In later years, sacred prostitution and similar classifications for females were known to have existed in Greece, Rome, India, China, and Japan. Such practices came to an end when the emperor Constantine, in the 320s AD, destroyed the goddess temples and replaced the religious practices with Christianity.

=== Biblical references ===
Prostitution was commonplace in ancient Israel. There are a number of references to prostitution in the Hebrew Bible. The biblical story of Judah and Tamar provides a depiction of prostitution being practiced in that time period. In this story, the prostitute waits at the side of a highway for travelers. She covers her face in order to identify herself as a prostitute. Instead of being paid in money, she asks for a kid goat and water. This would have been the equivalent of a high price, showing that only the wealthy owner of numerous herds could have afforded to pay for a single sexual encounter. Under this system, if the traveler does not have his cattle with him, he must give valuables to the woman as a deposit until a kid goat is delivered to her. The woman in the story was not a legitimate prostitute but was actually Judah's widowed daughter-in-law, who sought to trick Judah into impregnating her.
In a later biblical story found in the Book of Joshua, a prostitute in Jericho named Rahab assists Israelite spies by providing them with information regarding the current socio-cultural and military situation.
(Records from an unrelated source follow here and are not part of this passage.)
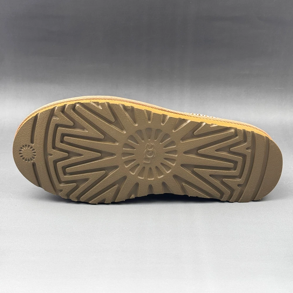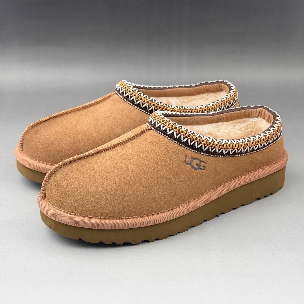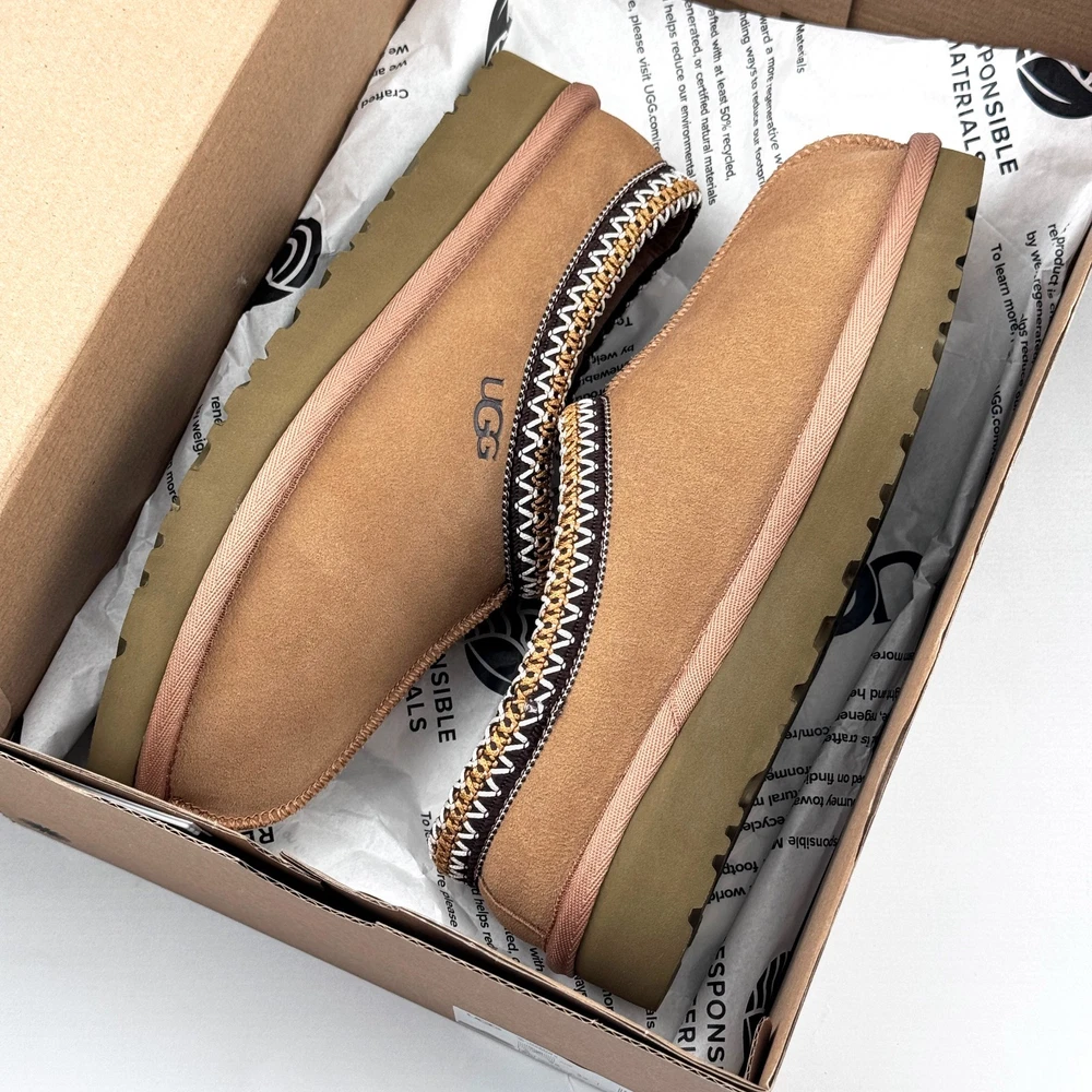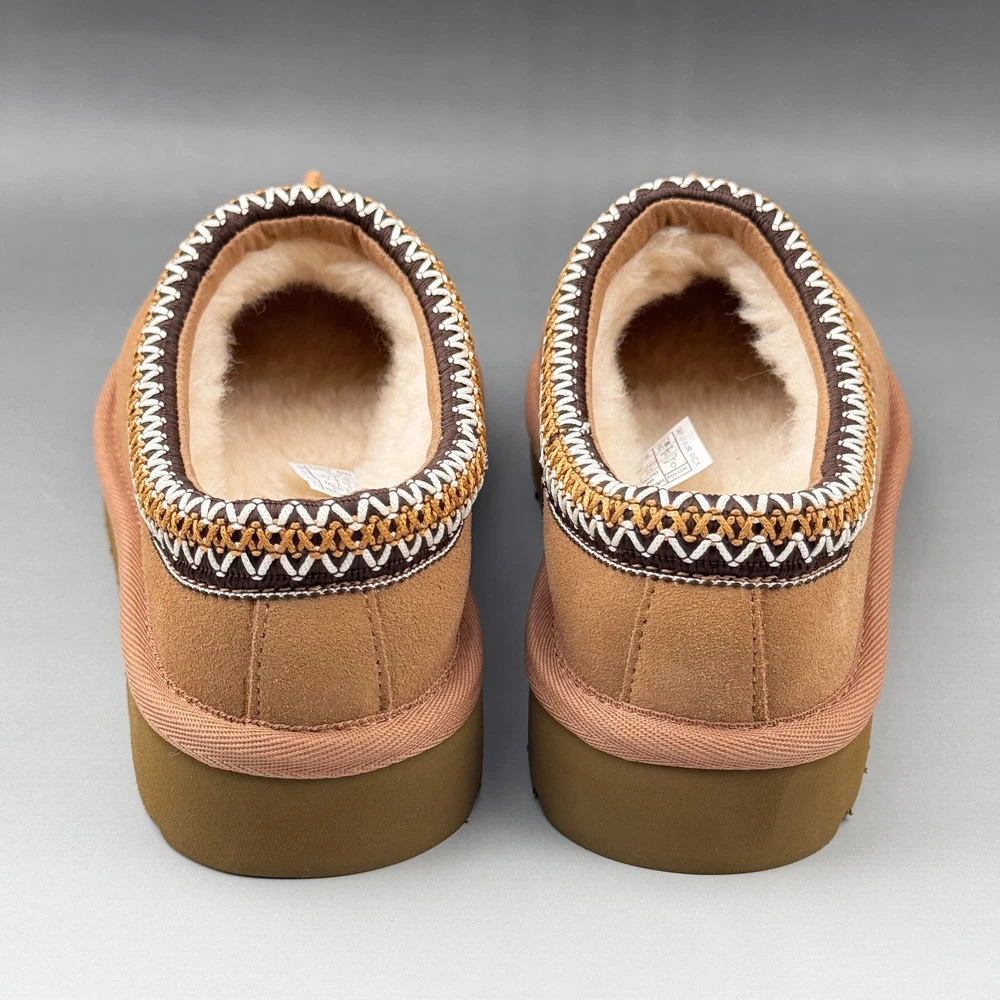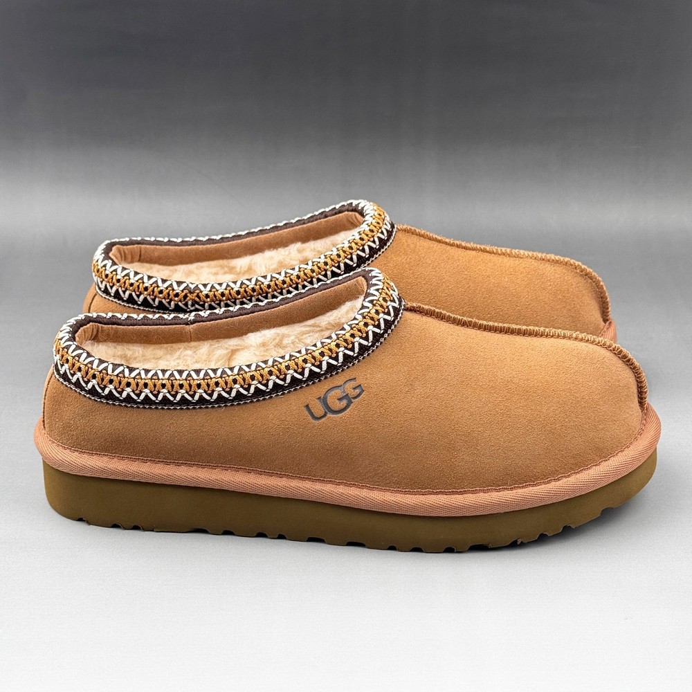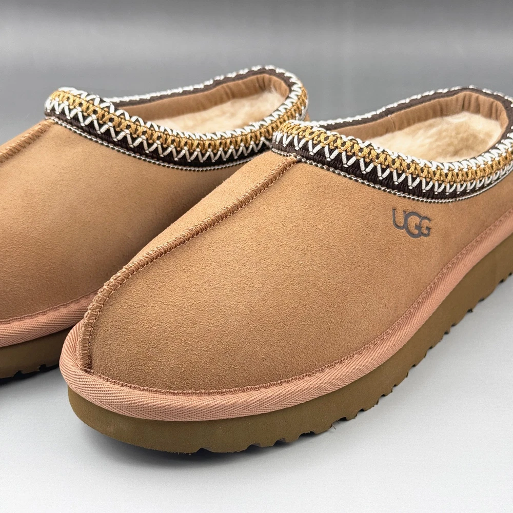 Women's Shoes US 6 - EU 37 - 230MM -(Heel-Toe 9.06IN) US 7 - EU 38 - 240MM -(Heel-Toe 9.45IN) US 8 - EU 39 - 250MM -(Heel-Toe 9.84IN) US 9 - EU 40 - 260MM -(Heel-Toe 10.24IN) US 10 - EU 41 - 270MM -(Heel-Toe 10.63IN) US 11 - EU 42 - 280MM -(Heel-Toe 11.02IN) Embrace cozy elegance with the Tasman Slip-On Slipper, a blend of style and warmth crafted for comfort. Made with a leather exterior, these slippers offer a classic look that’s effortlessly stylish. Inside, the soft 17mm lining and plush wool insole cushion your feet, adding warmth and support to every step. The rubber outsole provides excellent grip and a lightweight feel, ideal for both indoor lounging and light outdoor strolls. With a suede upper and a charming embroidered trim, these slip-ons elevate your casual wear, making every moment feel a touch more refined. Features: Material: Made from 100% leather for durability and a classic appearance. Lining: Soft 17mm lining for warmth and comfort. Insole: Features a 17mm wool insole for cushioning. Outsole: The rubber outsole provides excellent traction and lightweight comfort. Style: Suede upper with decorative embroidered trim, for lounging or light outdoor wear. Recycled Components: Textile binding made from 100% recycled polyester fibers reinforces our commitment to sustainability. Quality Branding: Features a heat-embossed UGG® logo and a woven label on the insole for authenticity. Genuine Fur : Contains real fur from sheep or lamb, sourced ethically from Australia, Ireland, the UK, or the US, and treated for durability.
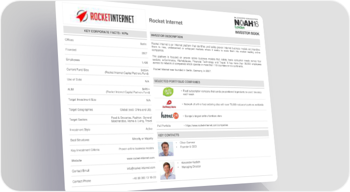 Rocket Internet KEY CORPORATE FACTS / KPIs INVESTOR DESCRIPTION Offices Berlin Rocket Internet is an Internet platform that identifies and builds proven internet business models and transfers them to new, underserved or untapped markets where it seeks to scale them into market leading online companies. Founded 2007 The platform is focused on proven online business models that satisfy basic consumer needs across four sectors: e-Commerce, Marketplaces, Financial Technology and Travel. It has more than 36,000 employees Employees 1,496 across its network of companies which operate in more than 110 countries on six continents. $420m Rocket Internet was founded in Berlin, Germany, in 2007. Current Fund Size (Rocket Internet Capital Partners Fund) Use of Debt N/A SELECTED PORTFOLIO COMPANIES AUM $420m • Food subscription company that sends pre-portioned ingredients to users’ doorstep (Rocket Internet Capital Partners Fund) each week Target Investment Size N/A • Network of online food ordering sites with over 73,000 restaurant partners worldwide Target Geographies Global (excl. China and US) Food & Groceries, Fashion, General • Europe’s largest online furniture store Target Sectors Merchandise, Home & Living, Travel Investment Style Active Full Portfolio • https://www.rocket-internet.com/companies Deal Structures Minority or Majority KEY CONTACTS • Oliver Samwer Key Investment Criteria Proven online business models • Founder & CEO Website www.rocket-internet.com • Alexander Kudlich Contact Email info@rocket-internet.com • Managing Director Contact Phone +49 30 300 13 18-00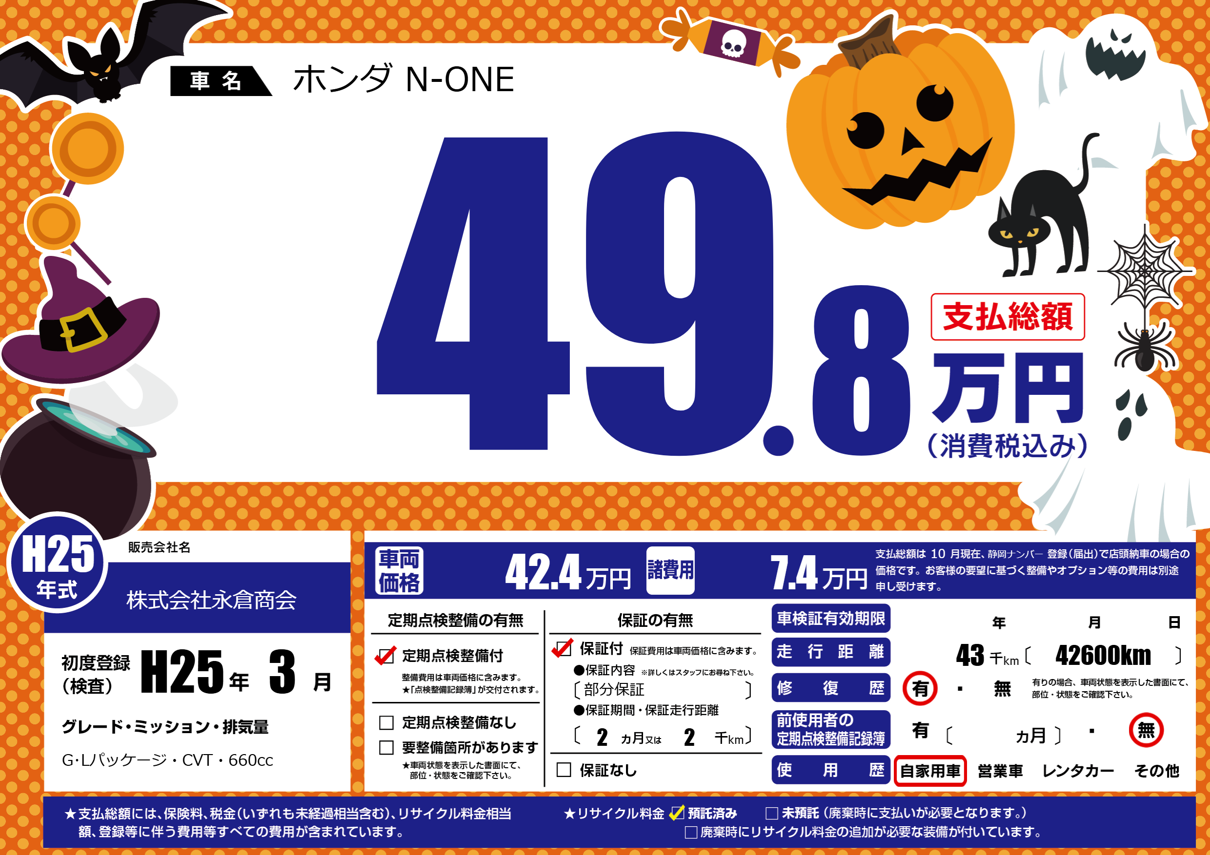 | 車名 | ホンダ N-ONE | グレード ミッション 排気量 |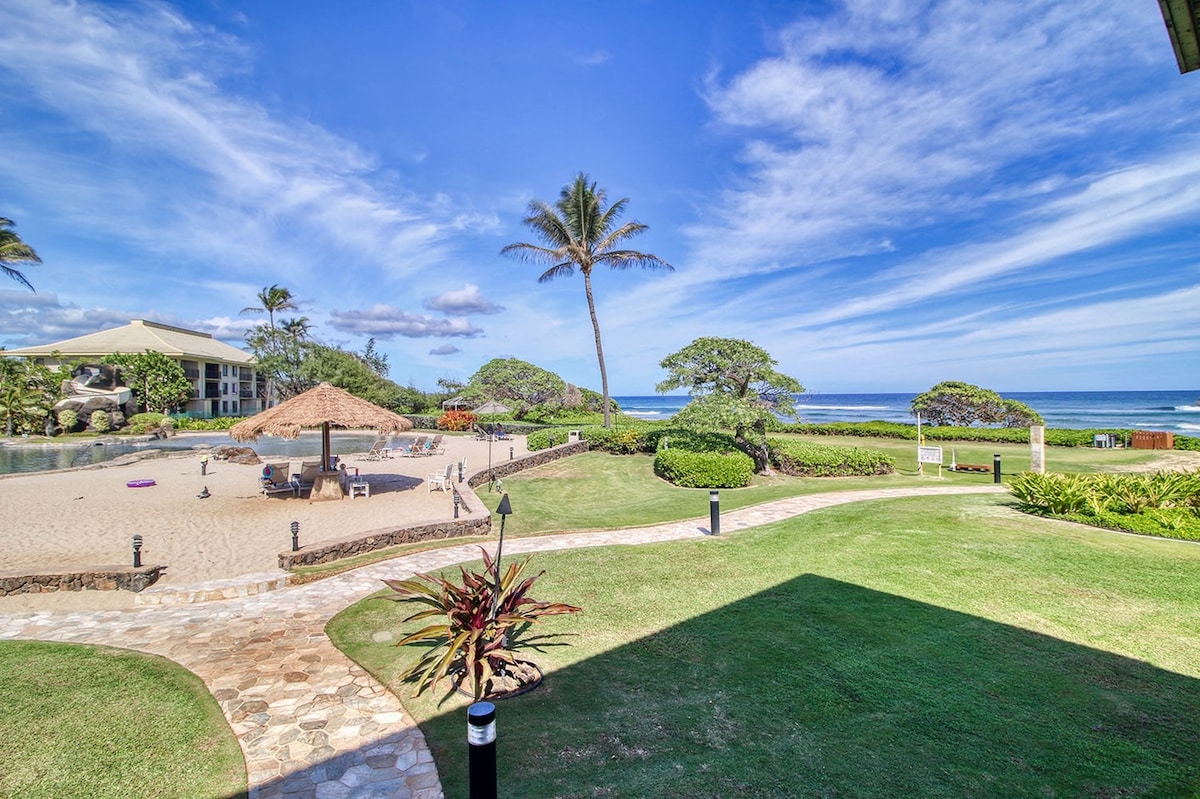This ground-floor beach resort condo is the perfect tropical getaway for a memorable vacation. Grab a cold drink, head out to the private lanai, and in the lush Hawaiian gardens with tropical birds and rhythmic rocking of the Pacific’s rolling waves. Your private lanai is furnished with a dining set to feast al fresco. In just a few steps, you will reach the shore to dip your toes in the soft sands of the turquoise ocean. Even more, you may spot sea life such as turtles or sea lions in action.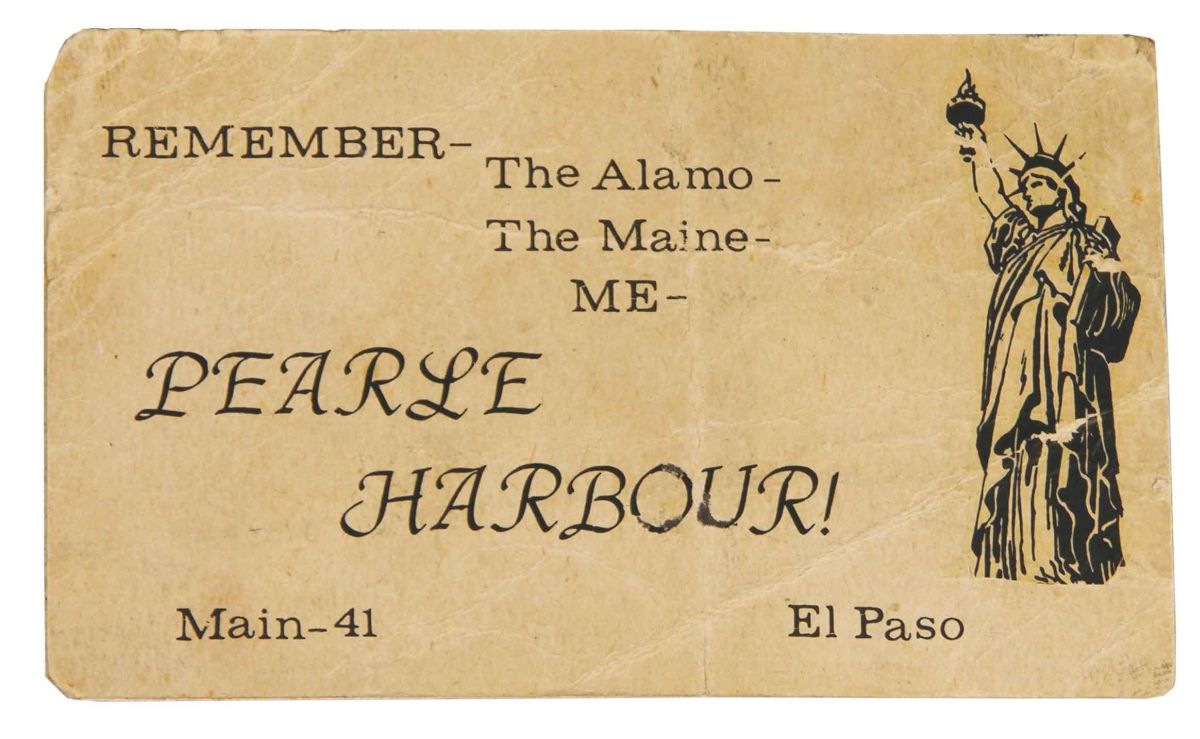 Brothel Calling Card for the Pearle Harbor Brothel in El Paso, TX. Fair to good condition. 4 X 2 1/4 inches.

Rahab was knowledgeable in these matters because of her popularity with the high-ranking nobles. The Israelite spies promised, in exchange for this information, to save her and her family during the planned military invasion—but only if she kept the details of her contact with them a secret. She would leave a sign on her residence that indicated to the advancing soldiers not to attack the people within. When the people of Israel conquered Canaan, she converted to Judaism and married a prominent member of the people.

In the Book of Revelation, the Whore of Babylon is named "Babylon the Great, the Mother of Prostitutes and Abominations of the Earth". However, the word "whore" could also be translated as "idolatress".

==America==

===Aztecs and Incas===
Among the Aztecs, the Cihuacalli was the name given to the controlled buildings where prostitution was permitted by political and religious authorities. Cihuacalli is a Nahuatl word that means "house of women". The Cihuacalli was a closed compound with rooms, all looking over a central patio. At the center of the patio was a statue of Tlazolteotl, the goddess of purification, steam baths, midwives, filth, and adulterers. Religious authorities believed women should work as prostitutes if they wish, but only on premises guarded by Tlazolteotl. It was believed that Tlazolteotl had the power to incite sexual activity while cleansing the spirit of such acts.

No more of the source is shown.